You could implement a Composite "wrapper" around multiple Lists. For simplicity I've made my example immutable but you could always implement add to append to the "final" List stored within the composite object.
public class CompositeImmutableList<T> implements List<T> {
private final List<T> l1;
private final List<T> l2;
public CompositeImmutableList(List<T> l1, List<T> l2) {
this.l1 = l1;
this.l2 = l2;
}
public boolean add(T t) {
throw new UnsupportedOperationException();
}
public int size() {
return l1.size() + l2.size();
}
public T get(int i) {
int sz1 = l1.size();
return i < s1 : l1.get(i) : l2.get(sz1 - i);
}
// TODO: Implement remaining List API methods.
}
You could do the next steps: get the LinkedList of Java source here:
LinkedList.java
Then over this implementation add the next function:
public void concatenate(LinkedList<E> list)
{
header.previous.next = list.header.next;
list.header.next.previous = header.previous;
list.header.previous.next = header.next;
header.next.previous = list.header.previous;
list.header.next = header.next;
header.previous = list.header.previous;
size = size + list.size;
modCount = modCount + list.modCount + 1;
list.size = size;
list.modCount = modCount;
}
With this code, the 2 LinkedList will be the same LinkedList, so you'll merge in one. The container LinkedList will add the param LinkedList at the end and finally the header of both LinkedList will point to the first and last element.

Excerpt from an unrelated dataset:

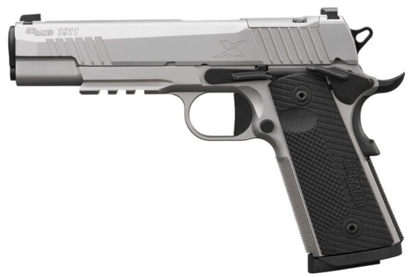 The classic stainless steel 1911 has joined the Red Dot Revolution. Modern upgrades include a Stainless glass bead-blasted XSERIES Slide which comes optic-ready for ultra-low-profile direct-mount red dot optics a stainless sight plate and P-Series XRAY3 Day/Night sights for enhanced sight picture visibility. Additional features include a flat trigger custom G10 grip panels from LOK Grips a railed stainless- steel frame and ambidextrous thumb safety. A DLC finished carbon-steel barrel detachable magazine well (2) 8rd. steel magazines unrivaled custom aesthetics and a serrated front strap bring upgraded features to a timeless platform. Old-school lines with new-school performance. – Optic-Ready Stainless Bead Blast XSeries Slide with Compact Optic Footprint – Stainless Optic Sight Plate – Extended Slide Release and Ambi-Safety Levers – Custom G10 Grip Panels from LOK Grips – Stainless Steel Frame with Undercut and Detachable Magazine Well – P-Series XRAY3 Day/Night Sights – (2) 8-Round Steel Magazines – CALIBER 45 Auto – PISTOL SIZE Full-Size – MAGS INCLUDED (2) 8rd Steel Mag – SIGHTS XRAY3 Day/Night Sights – OPTIC READY Yes – RX FOOTPRINT COMPACT (Shield RMS-c) – SIGHT RADIUS 6.5 in – SLIDE FINISH Stainless Bead Blast – SLIDE MATERIAL Stainless Steel – ELECTRO-OPTIC INSTALLED No – TRIGGER ACTION Single Action Only (SAO) – TRIGGER TYPE Black Serrated Flat Trigger – MANUAL SAFETY Yes – FRAME FINISH Stainless Bead Blast – FRAME MATERIAL Stainless Steel – GRIP TYPE Custom G10 LOK Grips – GRIP MATERIAL Black G10 – GRIP COLOR Black – ACCESSORY RAIL M1913 – BARREL LENGTH 5 in [127 mm] – THREADED BARREL No – BARREL MATERIAL Carbon Steel with Black DLC Finish – OVERALL LENGTH 8.7 in – OVERALL WIDTH 1.4 in – HEIGHT 5.6 in – WEIGHT 42.1 oz w/Magazine

In this method I dont care about if one of the two list is empty so make sure you have the two list with elements before use it or you'll have to check and take care about this.
Test1:
public static void main(String[] args)
{
LinkedList<String> test1 = new LinkedList<String>();
LinkedList<String> test2 = new LinkedList<String>();
test1.add("s1");
test1.add("s2");
test2.add("s4");
test2.add("s5");
test1.concatenate(test2);
System.out.println(test1);
System.out.println(test2);
}
out:
[s1, s2, s4, s5]
[s1, s2, s4, s5]
Test2 performance:
public static void main(String[] args)
{
int count = 100000;
myutil.LinkedList<String> test1 = new myutil.LinkedListExt<>();
myutil.LinkedList<String> test2 = new myutil.LinkedListExt<>();
test1.add("s1");
test1.add("s2");
test2.add("s3");
test2.add("s4");
for (int i=0; i<count; ++i)
test2.add("s");
long start = System.nanoTime();
test1.concatenate(test2);
long elapsedTime = System.nanoTime() - start;
System.out.println(elapsedTime/1000000.0);
java.util.LinkedList<String> test3 = new java.util.LinkedList<>();
java.util.LinkedList<String> test4 = new java.util.LinkedList<>();
test3.add("s1");
test3.add("s2");
test4.add("s3");
test4.add("s4");
for (int i=0; i<count; ++i)
test4.add("s");
start = System.nanoTime();
test3.addAll(test4);
elapsedTime = System.nanoTime() - start;
System.out.println(elapsedTime/1000000.0);
}
out:
0.004016
10.508312
If it's easy to do with a linked list in C, then I'd guess that the LinkedList class offers the same performance
All of the operations perform as could be expected for a doubly-linked list. Operations that index into the list will traverse the list from the beginning or the end, whichever is closer to the specified index.
List list1 = new LinkedList();
list1.add(...);
List list2 = new LinkedList();
list2.add(...);
list1.addAll(list2);
edit: Nevermind. Looks like LinkedList.addAll(Collection) invokes LinkedList.addAll(int, Collection) which iterates through the new collection.